Spoliation is the destruction, significant alteration or the failure to preserve property for another’s use as evidence in pending or reasonably foreseeable litigation. Spoliation can occur as the result of actions by parties or by non-parties. It can be inadvertent or intentional. It can be the product of absolute good faith, the result of negligence or bad faith.
Because electronically stored information is routinely deleted or altered, affirmative steps are often required to preserve it. Simply turning on a personal computer can destroy files or cause electronically stored information to be overwritten.
While courts cannot expect parties to meet a standard of perfection, courts expect that litigants and counsel will take the necessary steps to ensure that relevant records are preserved when litigation is pending or is reasonably anticipated, and that such records are collected, reviewed and produced to the opposing party. A failure to preserve records and to search appropriately for those records may result in spoliation of evidence.
Spoliation of electronically stored information can have very severe consequences and the act of spoliation is easier to establish in the case of electronically stored information than it is in the case of paper documents.
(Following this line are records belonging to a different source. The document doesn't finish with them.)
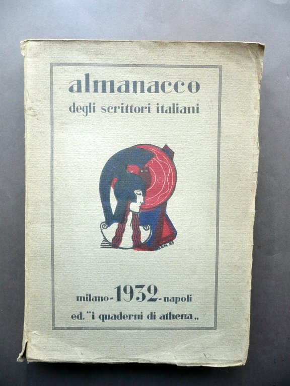 AA. VV., Almanacco degli scrittori italiani 1932 A cura di Dante Giorgio Addeo e Armando Giordano [.] Ed. I Quaderni di Athena", Napoli 1932, cm 25x18, pp. 256 con varie belle ill. xilografiche in b/n nel t., e alcune ill. quasi tutte fotogr. in b/n fuori t.; brossura ed. Copertina con bella grafica a colori di Luigi Servolini (vedi foto). Condizioni di conservazione Esemplare ben conservato con tracce d'uso; margini, angoli delle brossure e cuffie con alcune piccole tracce / accenni di pieghette e minimi strappetti (alle cuffie gli strappetti sono di un paio di cm, vedi foto); cuffia sup. con una trascurabile mancanza. Interni buoni con alcune piccole leggere bruniture; foglio contenente gli errata corrige applicato alla prima bianca; cerniera interna post. in precedenza leggermente aperta con conseguente leggero allentamento delle cuciture di qualche fascicolo, ma restaurata per mezzo d'incollatura; esemplare compatto. Per un elenco degli scrittori italiani partecipanti vedi foto frontespizio. Copertina con bella grafica a colori di Luigi Servolini. SETT124.L12042 N "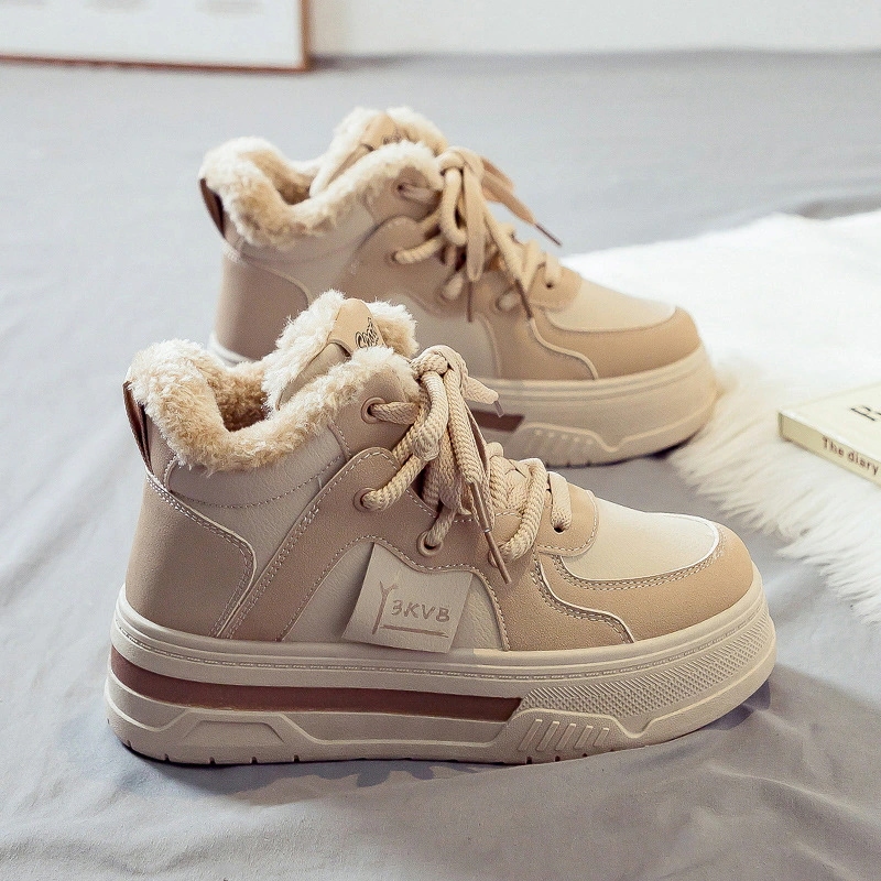 裏地付き厚手ハイカット女性用綿靴 2025年冬用保温スノーブーツ女性用万能新作厚底冬用綿靴厚底カジュアルシューズ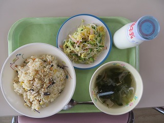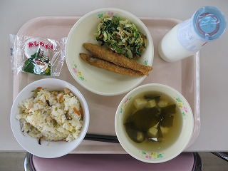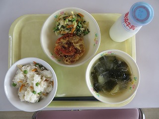 炊き込みご飯 甘エビのかき揚げ ごまあえ みそ汁 牛乳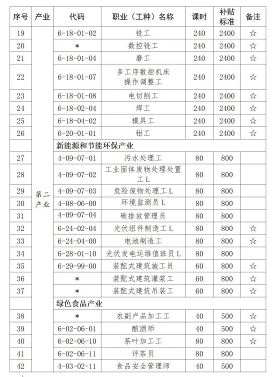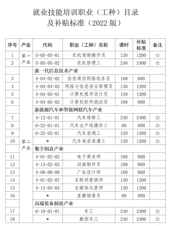 6.补贴标准:按照市级工种目录及补贴标准执行。

Courts are crystal clear that they take the preservation of electronically stored information very seriously. When litigation is pending or is reasonably anticipated, parties must anticipate and undertake appropriate document preservation. The duty to preserve involves two related inquiries:
(1) When does the duty to preserve arise?
(2) What evidence must be preserved?
If you are involved in litigation or facing a potential litigation, it is highly recommended that you consult your attorney so that you can prepare a plan to satisfy the obligation to preserve potentially relevant, electronically stored documents.